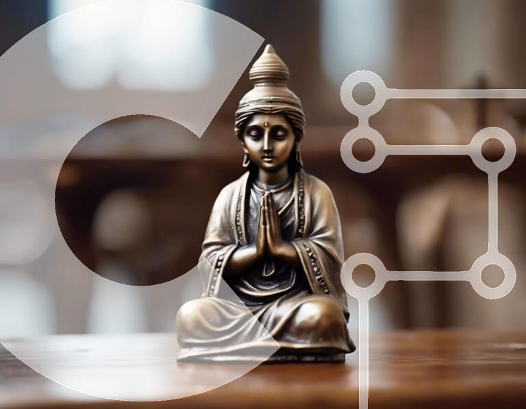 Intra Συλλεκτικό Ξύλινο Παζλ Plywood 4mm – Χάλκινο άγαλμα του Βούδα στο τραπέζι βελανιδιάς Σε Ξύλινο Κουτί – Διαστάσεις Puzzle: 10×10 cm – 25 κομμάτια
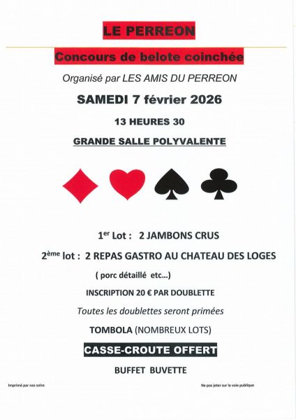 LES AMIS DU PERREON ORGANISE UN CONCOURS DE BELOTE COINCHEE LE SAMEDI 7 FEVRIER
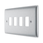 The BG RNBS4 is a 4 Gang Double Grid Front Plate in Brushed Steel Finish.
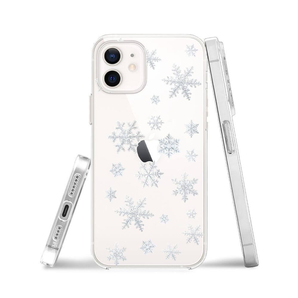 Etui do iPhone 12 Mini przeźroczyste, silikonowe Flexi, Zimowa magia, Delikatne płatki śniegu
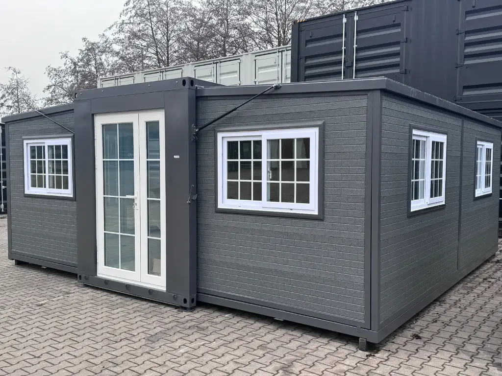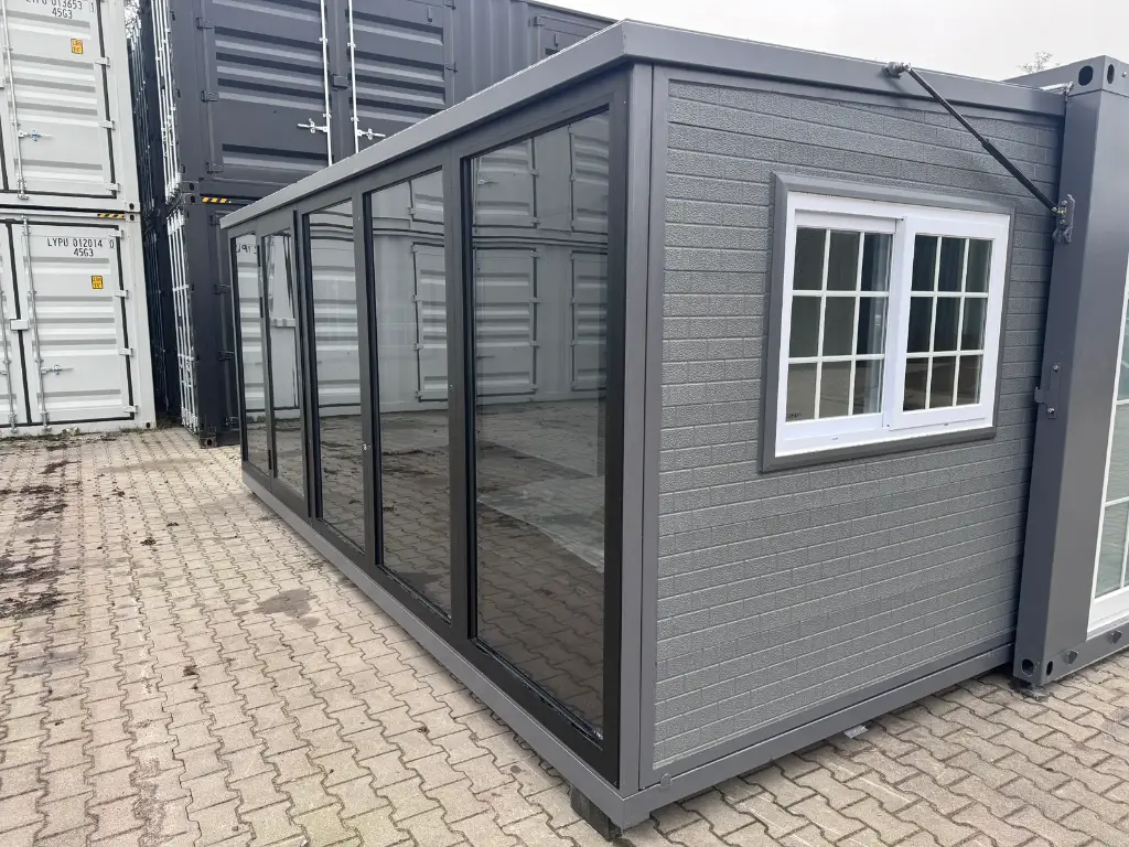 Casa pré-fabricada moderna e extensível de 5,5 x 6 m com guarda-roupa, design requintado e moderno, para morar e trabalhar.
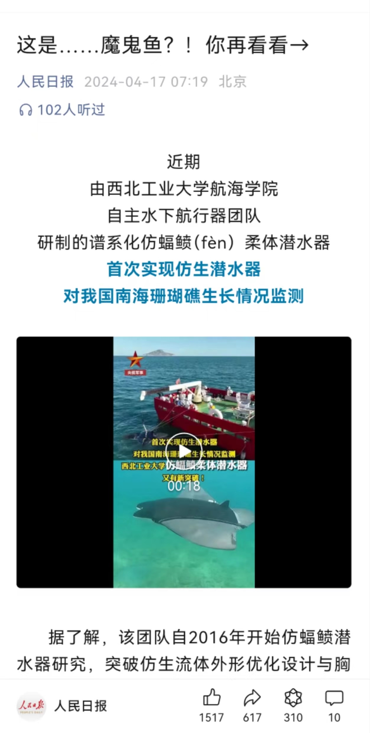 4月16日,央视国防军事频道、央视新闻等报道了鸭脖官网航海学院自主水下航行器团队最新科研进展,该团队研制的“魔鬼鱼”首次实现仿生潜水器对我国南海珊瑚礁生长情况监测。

· · · ·

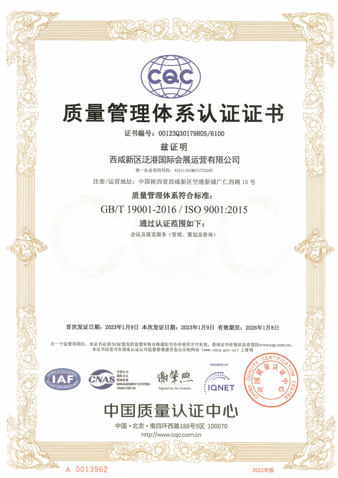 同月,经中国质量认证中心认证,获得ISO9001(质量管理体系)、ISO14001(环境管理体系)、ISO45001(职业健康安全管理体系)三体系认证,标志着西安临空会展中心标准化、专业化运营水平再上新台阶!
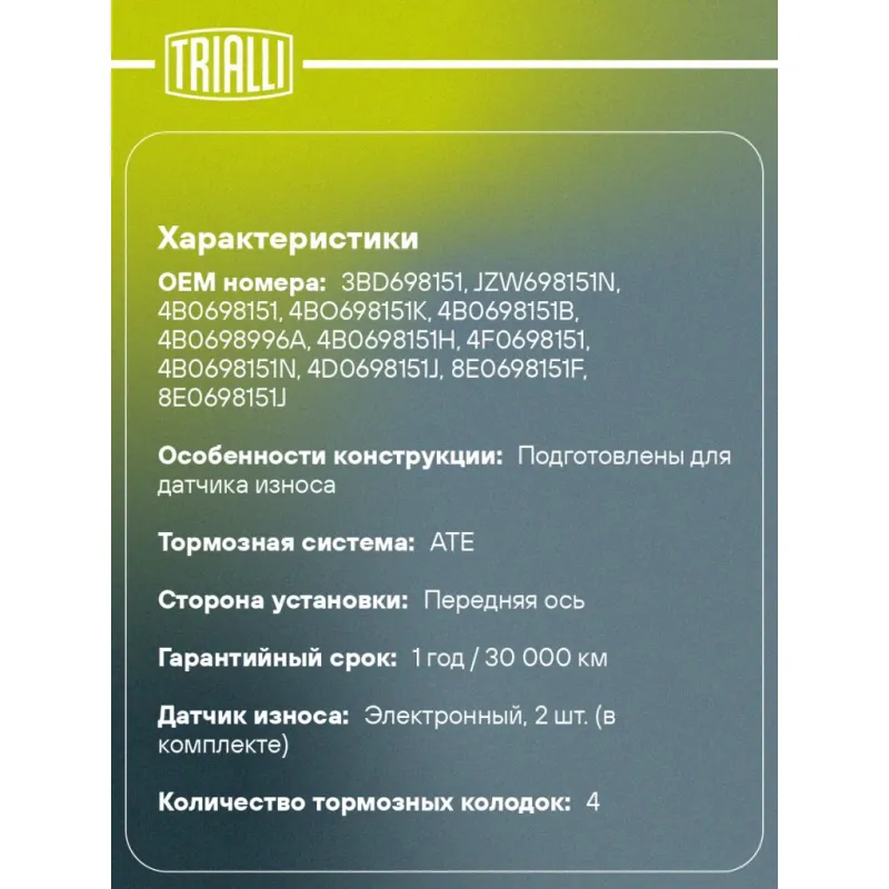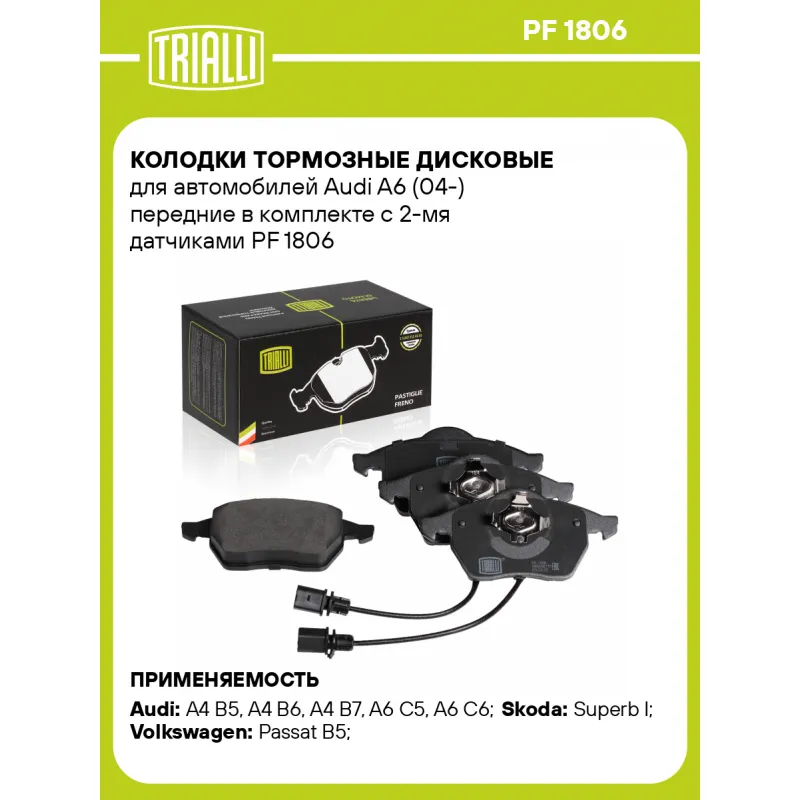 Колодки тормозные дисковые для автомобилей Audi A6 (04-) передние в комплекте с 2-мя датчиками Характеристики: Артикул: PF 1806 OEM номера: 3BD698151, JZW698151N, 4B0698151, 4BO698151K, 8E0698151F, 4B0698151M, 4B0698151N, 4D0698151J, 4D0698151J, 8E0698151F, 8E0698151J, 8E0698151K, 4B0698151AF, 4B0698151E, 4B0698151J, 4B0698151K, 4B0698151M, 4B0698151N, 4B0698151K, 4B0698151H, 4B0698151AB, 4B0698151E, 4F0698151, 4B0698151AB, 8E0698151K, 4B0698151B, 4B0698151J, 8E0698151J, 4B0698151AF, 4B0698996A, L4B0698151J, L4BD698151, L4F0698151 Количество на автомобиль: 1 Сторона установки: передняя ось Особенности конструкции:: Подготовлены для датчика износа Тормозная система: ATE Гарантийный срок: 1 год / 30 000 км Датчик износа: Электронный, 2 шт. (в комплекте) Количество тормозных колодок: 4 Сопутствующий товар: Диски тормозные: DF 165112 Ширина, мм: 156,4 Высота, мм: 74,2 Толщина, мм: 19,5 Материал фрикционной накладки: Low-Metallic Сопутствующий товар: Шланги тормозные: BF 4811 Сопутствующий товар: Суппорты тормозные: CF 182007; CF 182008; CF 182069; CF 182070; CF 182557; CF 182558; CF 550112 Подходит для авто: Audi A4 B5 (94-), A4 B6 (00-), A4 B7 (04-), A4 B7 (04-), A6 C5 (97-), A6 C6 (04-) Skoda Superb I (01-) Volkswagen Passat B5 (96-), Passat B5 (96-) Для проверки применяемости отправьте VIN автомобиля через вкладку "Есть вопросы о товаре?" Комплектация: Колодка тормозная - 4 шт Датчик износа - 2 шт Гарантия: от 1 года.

· · · ·

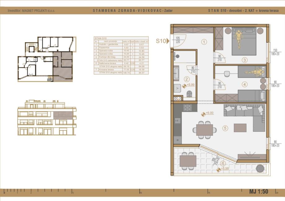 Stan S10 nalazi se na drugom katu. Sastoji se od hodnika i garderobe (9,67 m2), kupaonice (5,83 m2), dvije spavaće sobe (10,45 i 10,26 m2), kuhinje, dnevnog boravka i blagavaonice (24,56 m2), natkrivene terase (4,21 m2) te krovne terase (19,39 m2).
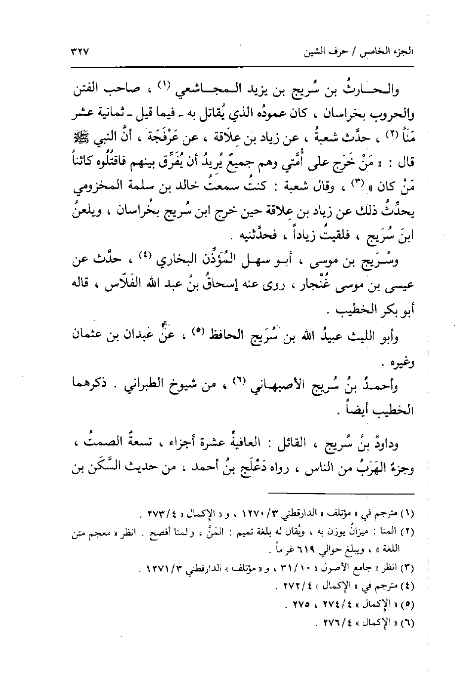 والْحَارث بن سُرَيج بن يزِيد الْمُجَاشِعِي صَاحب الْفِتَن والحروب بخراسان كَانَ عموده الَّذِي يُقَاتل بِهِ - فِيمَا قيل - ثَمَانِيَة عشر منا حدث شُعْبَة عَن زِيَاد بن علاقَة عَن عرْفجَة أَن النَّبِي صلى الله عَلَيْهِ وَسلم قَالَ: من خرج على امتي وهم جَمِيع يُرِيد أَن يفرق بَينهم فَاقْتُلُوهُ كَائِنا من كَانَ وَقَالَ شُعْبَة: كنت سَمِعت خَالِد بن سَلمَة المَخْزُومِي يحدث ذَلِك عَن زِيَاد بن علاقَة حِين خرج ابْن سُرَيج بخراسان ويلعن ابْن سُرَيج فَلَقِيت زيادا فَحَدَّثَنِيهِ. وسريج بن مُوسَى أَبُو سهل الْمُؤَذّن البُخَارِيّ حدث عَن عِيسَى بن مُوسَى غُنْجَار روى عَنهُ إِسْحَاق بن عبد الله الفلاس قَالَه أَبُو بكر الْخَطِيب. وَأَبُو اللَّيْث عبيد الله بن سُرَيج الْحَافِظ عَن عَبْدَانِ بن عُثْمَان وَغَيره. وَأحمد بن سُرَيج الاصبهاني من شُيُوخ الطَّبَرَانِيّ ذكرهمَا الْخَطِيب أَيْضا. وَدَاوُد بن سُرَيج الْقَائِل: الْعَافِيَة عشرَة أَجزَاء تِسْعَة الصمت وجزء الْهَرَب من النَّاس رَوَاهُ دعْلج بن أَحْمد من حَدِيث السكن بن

· · · ·

# TASK DESCRIPTION:
Repeat only the stretch of data above that runs from the line with "The BG RNBS4" to the line with "4月16日,央视国防军事频道". Keep both end lines; exclude pictures.

# REPLY TO THE EXERCISE:
 The BG RNBS4 is a 4 Gang Double Grid Front Plate in Brushed Steel Finish.
 Etui do iPhone 12 Mini przeźroczyste, silikonowe Flexi, Zimowa magia, Delikatne płatki śniegu
 Casa pré-fabricada moderna e extensível de 5,5 x 6 m com guarda-roupa, design requintado e moderno, para morar e trabalhar.
 4月16日,央视国防军事频道、央视新闻等报道了鸭脖官网航海学院自主水下航行器团队最新科研进展,该团队研制的“魔鬼鱼”首次实现仿生潜水器对我国南海珊瑚礁生长情况监测。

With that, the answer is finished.